Software Quality Metrics

10 Software reliability: measurement and prediction

A. Törn - Contents - - Previous chapter - Next chapter - - Previous page - Next page

Software reliability is a key high-level attribute. The chapter addresses the software-reliability growth problem: i.e., estimating and predicting the reliability of a program as faults are identified and attempts made to fix them. We just summarize the topics treated.
The quantitative methods used date back to early 1970s, evolving from hardvare reliability. The reliability theory rests on probability theory.
Models for estimating mean time to failure (MTTF) are presented. Reliability growth occurs if MTTF increases. Also the problem of accuracy of predictions is treated.
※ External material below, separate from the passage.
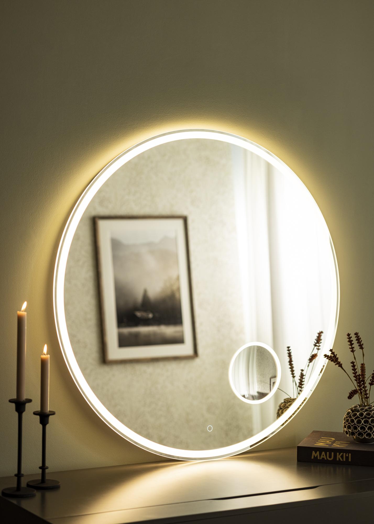 Tražite li elegantno kupaonsko ogledalo s ugraÄenim LED osvjetljenjem i poveÄalom? Onda je ovo ogledalo za vas! Ogledalo ima klasiÄan okrugli oblik i LED traku duž rubova povrÅ¡ine ogledala. Opremljeno je obiÄnim staklom za ogledalo i ima manje ogledalo s 3x poveÄalom, takoÄer s LED osvjetljenjem koje uokviruje povrÅ¡inu ogledala. Svjetlost ima ugodnu nijansu od 3000K koju lako možete podesiti od 10-100% svjetline. Da biste prilagodili svjetlinu, držite touch gumb na donjem rubu ogledala nekoliko sekundi.

Recalibration of the model and the stability of the operational environment are key elements. The models should be applied only to systems with modest reliability requirements.
Beacause the technique is probabilistic we cannot guarantee a prescribed level of reliability assurance in a particular case. Therefore other techniques have been considered for systems where ultra-high reliability is required:

Design diversity for fault tolerance: building the system in several independent ways and running the systems in parallel. Unfortunately, evidence suggests that independently-developed systems will not fail independently.
Testability: making the program highly testable. High testability here means high probability that the program will fail if faulty. The critic is that in this way also remaining faults after testing will have an increased probability to make the program fail.
Program self-checking: Blum et al describes a theory of program self-checking restricted to a narrow class of mathematical-type problems. As an example, consider a program for evaluating the square root of x. If the computed result is y then it is easy to check if abs(yy - x) is small enough.
Formal methods: the program is formally proved to be correct, a difficult and laborious technique probably applicable only to "moderately large" systems if performed to 100 %.
Fenton & Pfleeger: "In the absence of proven methods of assuring ultra-high software reliability levels, it is surprising to find that systems are being built whose safe functioning relies upon their achievement".